Without changing a word, return the listing below, minus its images.

*DATA*.
╔══
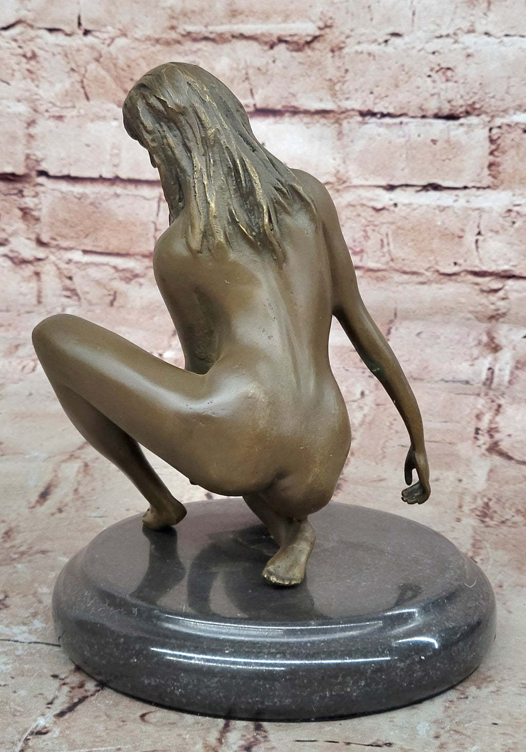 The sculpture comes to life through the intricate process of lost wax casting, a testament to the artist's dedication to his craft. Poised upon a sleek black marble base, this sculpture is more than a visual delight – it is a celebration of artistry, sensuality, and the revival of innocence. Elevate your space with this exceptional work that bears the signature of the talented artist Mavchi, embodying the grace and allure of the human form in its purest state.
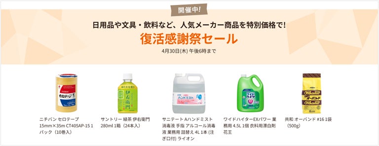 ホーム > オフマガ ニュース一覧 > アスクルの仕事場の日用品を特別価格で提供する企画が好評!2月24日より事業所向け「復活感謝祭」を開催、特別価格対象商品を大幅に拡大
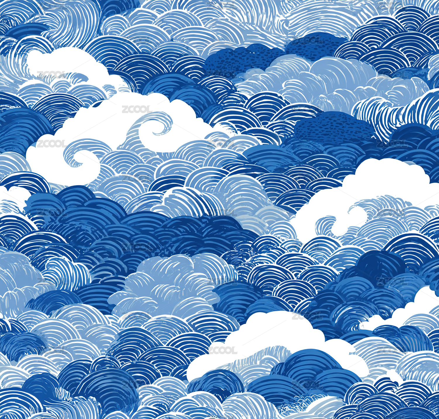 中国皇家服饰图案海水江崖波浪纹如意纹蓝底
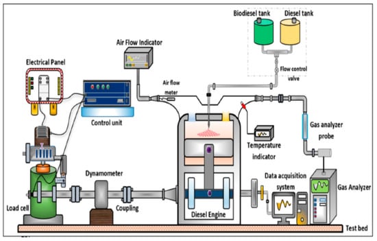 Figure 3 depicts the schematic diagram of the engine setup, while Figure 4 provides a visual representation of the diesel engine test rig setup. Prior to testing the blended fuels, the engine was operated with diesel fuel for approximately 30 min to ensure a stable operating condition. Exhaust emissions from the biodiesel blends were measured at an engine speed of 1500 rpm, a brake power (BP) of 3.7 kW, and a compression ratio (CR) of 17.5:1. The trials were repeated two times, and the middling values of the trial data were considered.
╚══
*COMPLETED TASK*.
 The sculpture comes to life through the intricate process of lost wax casting, a testament to the artist's dedication to his craft. Poised upon a sleek black marble base, this sculpture is more than a visual delight – it is a celebration of artistry, sensuality, and the revival of innocence. Elevate your space with this exceptional work that bears the signature of the talented artist Mavchi, embodying the grace and allure of the human form in its purest state.
 ホーム > オフマガ ニュース一覧 > アスクルの仕事場の日用品を特別価格で提供する企画が好評!2月24日より事業所向け「復活感謝祭」を開催、特別価格対象商品を大幅に拡大
 中国皇家服饰图案海水江崖波浪纹如意纹蓝底
 Figure 3 depicts the schematic diagram of the engine setup, while Figure 4 provides a visual representation of the diesel engine test rig setup. Prior to testing the blended fuels, the engine was operated with diesel fuel for approximately 30 min to ensure a stable operating condition. Exhaust emissions from the biodiesel blends were measured at an engine speed of 1500 rpm, a brake power (BP) of 3.7 kW, and a compression ratio (CR) of 17.5:1. The trials were repeated two times, and the middling values of the trial data were considered.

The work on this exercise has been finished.